There are several strengths and limitations of this study. By incorporating IS, this study raised fresh insights on psychopathology and interventions for sleep disturbances. The individual difference of IS provide a possibility to explain the inconsistent findings of alexithymia, negative affect and sleep problem. Accordingly, individualized intervention for sleep problems can be designed. Apart from the main focus of the study, we have also found a potential differentiation between PA and NA in their association strength with somatic feelings. The participants were community samples recruited through online advertisements. Hence, self-selection bias was unavoidable. A higher homogeneity of participants may also lead to other problems in addition to a lack of generalizability. We did not find significant gender differences in self-reported negative affectivity, alexithymia, or sleep quality, as in previous studies [7173]. This may be due to the high homogeneity that overrides gender differences. In sum, this study’s ecological validity is not ideal. Although the regression results in our study were statistically significant, the R2s were all small, indicating a small effect of the studied variables. Sleep is a complex process influenced by the circadian, homeostatic, and arousal processes [2, 74, 75]. Emotion and alexithymia are only a part of the arousal process; hence, the contribution might in fact be small.

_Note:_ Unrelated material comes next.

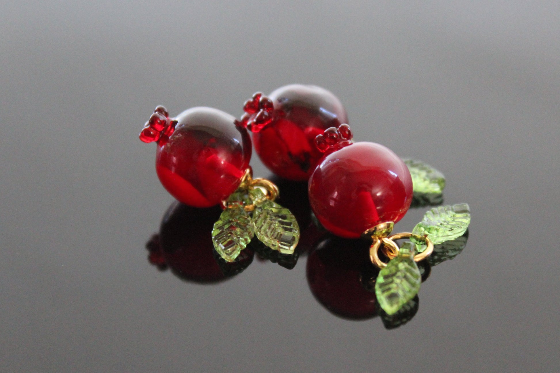 Expertly crafted Dark red resin pomegranate charms with green leaves for all your jewelry making needs. Made from high-quality materials, these charms add a touch of glamour to any accessory. With this bulk pack, you'll have plenty of charms to add to your pieces, making them the perfect addition to your collection.

Several directions can be applied in future studies. First, IS is a subcomponent of interoception, the “sensing the physiological condition of the body, as well as the representation of the internal state within the context of ongoing activities, and is closely associated with motivated action to homeostatically regulate the internal state” [76, p.693]. Other domains of interoception can be investigated. Similarly, there are multiple levels and measures of affect and sleep quality. Incorporating different levels of such construct, especially physiological assessments of interoception (e.g., brain imaging of insula, heart-evoked potential heartbeat detection task), affect (e.g., brain and autonomic reactions of emotion induction), and sleep (e.g., polysomnography) can provide important information. Second, emotion regulation is an important factor involved with arousal-related sleep problem intervention. Additionally, emotion regulation is embedded in the construct of alexithymia [13, 14], intimately related to negative affective experience [32], and highly relevant to interoceptive awareness [36]. Future study may incorporate emotion regulation in addition to the constructs of this study. Third, sleep and interoception may interplay within aspects other than hyperarousal. For example, interoception is also directly linked to homeostasis [76], another determined process of sleep quality [75]. Some possibilities of the relations between sleep and interoception have been discussed, however more empirical studies are required to determine such interplay [77]. Beyond the relationship between sleep and interoception, our finding further suggests that individual differences of interoception is associated with the express of differential mechanism of sleep process. This phenomenon can be examined in homeostatic relevant aspects of sleep.

Conclusion

We tested a novel idea that how an individual process their own bodily sensations associates with sleep disturbances using self-reported questionnaires. Alexithymia predicts lower sleep quality among low IS group. In contrast, negative affectivity predicts lower sleep quality among moderate and high IS groups. Further examination of psychopathology and intervention of sleep disturbance incorporating IS should be implemented in future.